Meeting Jake, and finding him so interesting, I decided I'd better learn his work.  What better way to start than with his first book, "Bourgeois Blues:  An American Memoir."  Jake's book takes us back to his early childhood years, and makes the mom in me wish that I could have thrown my arms around that kid and held him tight when he was intimidated by so many of those around him.  It also rekindled my own uncertainties about how we white people treat those around us who are not white, but not just that, also how we treat people of different social and economic standing, the disabled, and the list could go on and on.

As a white woman who loves Africa and wants to keep working on African issues and learning more about the continent in all its diversity; and as someone who grew up in a fairly homogenous town, with even more homogenous roots, I've often grappled with the same issues that Jake brings up, but that he, naturally, approaches from a different perspective.

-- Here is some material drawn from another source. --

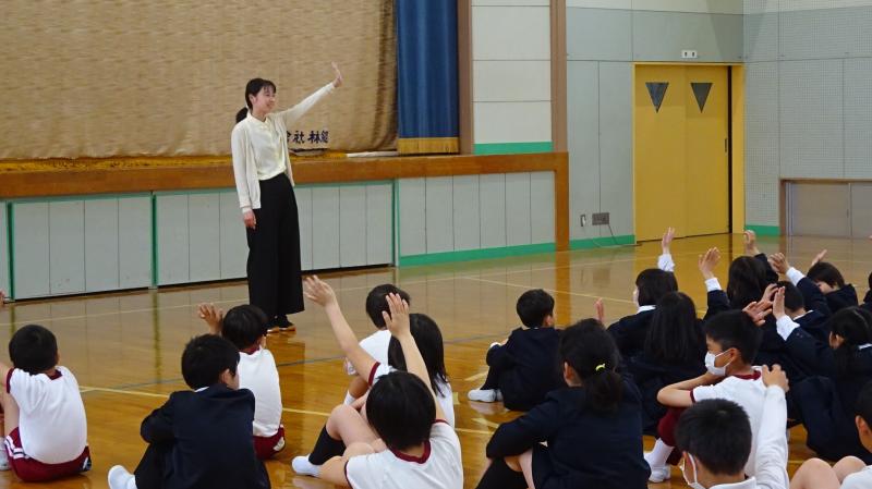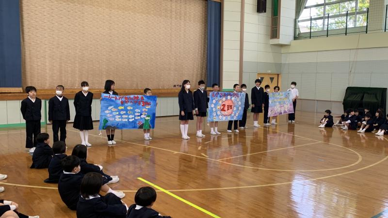 本日児童集会がありました。明日からゴールデンウィーク後半とうことで、まず、生徒指導担当から、休み中の安全な生活について話がありました。皆真剣に聞いていました。続いて、運動会についての話がありました。運動会の目的は「体力アップ」「縦割り班のみんなともっと仲良く」等の話があり、子供達は皆納得していました。また、運動会ダンスの説明もありました。5・6年生が既にマスターし、披露してくれました。今年もとっても楽しそうです!楽しみです!
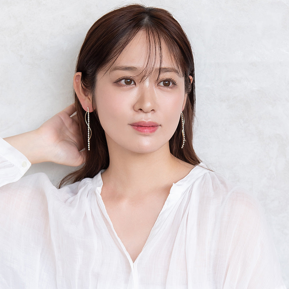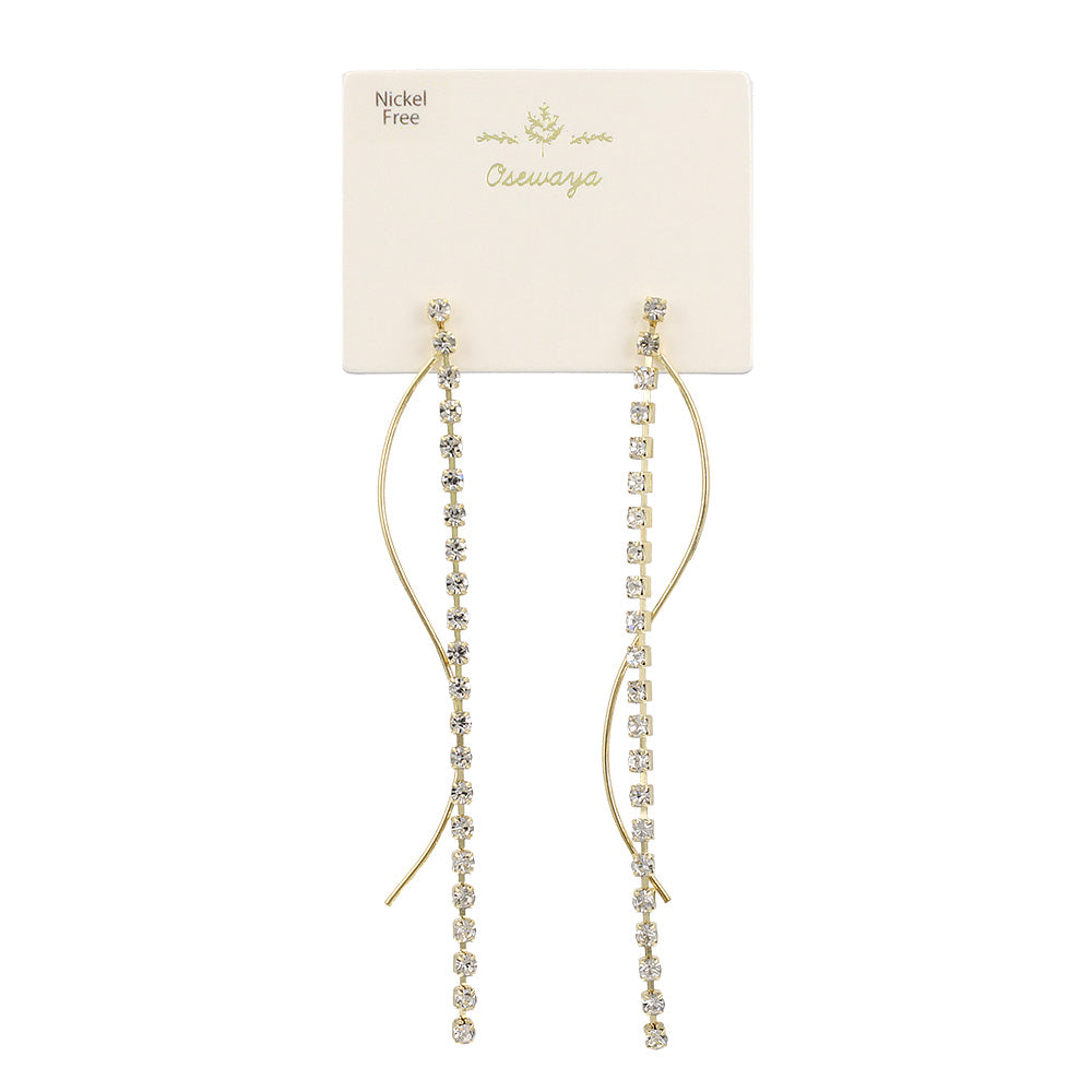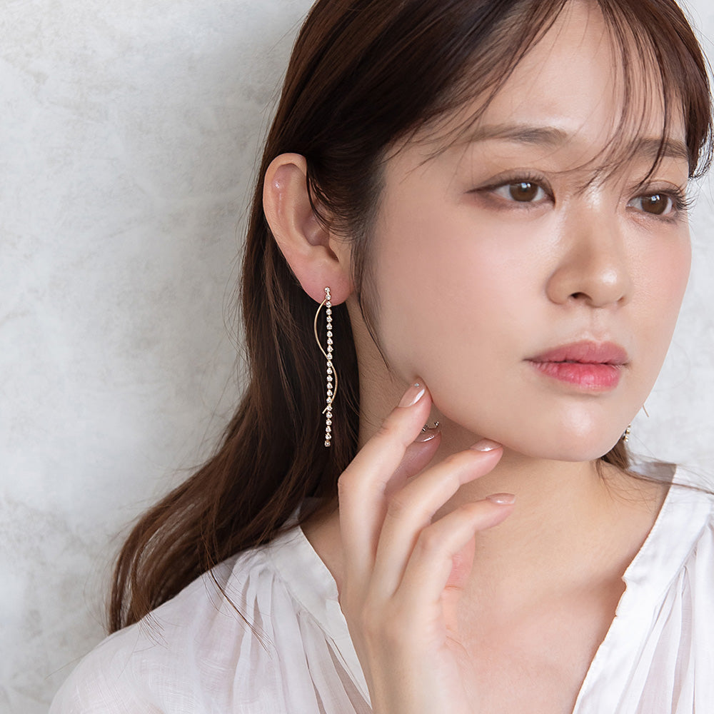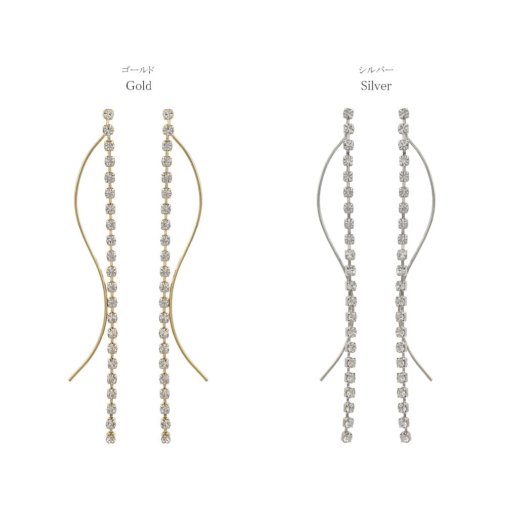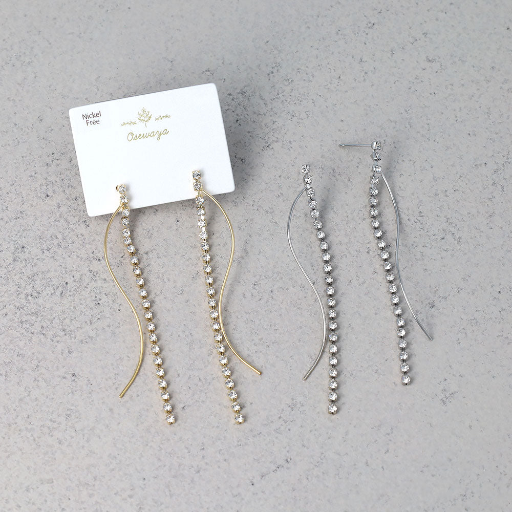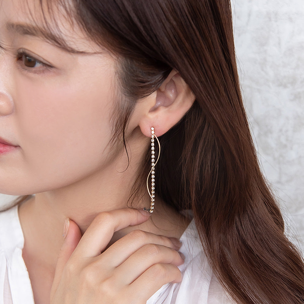 ピアス ニッケルフリー メタル ウェーブライン ストーン スタッドピアス

I felt that a lot of the tension from these unanswered questions was aptly illustrated in this excerpt of a conversation between Jake and his white ex-girlfriend.  "Kate started talking about her new boyfriend.  He was someone she'd gone out with years earlier, and after being reunited for several months they were getting serious.  She told me about taking Jim to a beach she and I used to visit. 'We were looking for a good spot,' Kate said, 'and I kept thinking, Something's different here, something's weird.  Like there was some aspect of being at the beach that seemed... I don't know... absent.  Then I realized what it was:  Nobody was staring at us.'  

I laughed. 'That must have been a relief.'  
'Actually, I kind of missed it.'"

Race is complicated, a fraught issue that is so sensitive and pushes people's buttons so quickly that we're usually afraid to talk about it.  But recent events make a little self-examination even more necessary, and I'm grateful to Jake Lamar for giving me an interesting story as a context from which to launch further introspection.